In our previous post, we stated that the Scatter-Gather avoids a complete meltdown, unlike sequential processing. But, without an effective error handling in place, you can question the merits of the latter statement. One can use a MuleSoft Try scope in the routers of a Scatter-Gather component for error handling purposes.

If a particular route encounters errors, the Try scope will take care of the error using the On-Error-continue error handler, which would make the route successful by handling the error logic. The Scatter-Gather route failures are handled well to process the error unless it is required to end the process abruptly. Let’s try to prove the same using some twists in our current Scatter-Gather example.

Happy Path

Everything is green, life’s pretty smooth and happiness sways around. The Scatter-Gather route flows one, two, and three payloads have been modified to implement a simple addition, subtraction, and division of numbers (ex: 10+2, 16-2, 30/2) to be aggregated as an output result of each flow. In the screenshot below, results are displayed as expected, all looks good! Yay!!

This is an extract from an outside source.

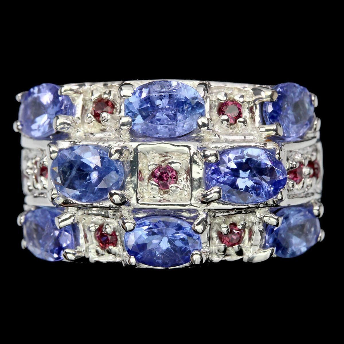 925 STERLING SILVER;PLATE-14K WHITE GOLD;RING SIZE-7(resizeable)MAIN STONE-TANZANITE;OTHER GEMS-RHODOLITE GARNET;TOTAL WEIGHT-10.29 GRAM (TOTAL WEIGHT OF SILVER + STONE)DIMENSION* STONE 2.0 TO 6.0 X 4.0 MM. * RING SIZE 7.0 * FACE RING 23.0 X 14.0 MM.;MAIN STONE SHAPEOVAL CUT;MAIN STONE COLORTOP RICH BLUE VIOLET;CLARITY/GRADE-TRANSPARENT;LUSTER-GORGEOUS;TREATMENT-UNHEATED;ORIGINTANZANIA - AFRICA;HARDNESS-7.0 - 7.5;

Fig 2.2: Result of the happy path Scatter-Gather flow without any errors.

Not so Happy Path

Well, life isn’t all rainbows and unicorns as the above result made you believe for a while. If the flow-three fails due to a division by zero error, the Scatter-Gather will fail as there isn’t any mechanism to avert the catastrophe. The process will halt, and the error will be displayed as given below.

Fig 2.3: Mule debugger showing the Flow-Three failure due to error. No error handling is implemented.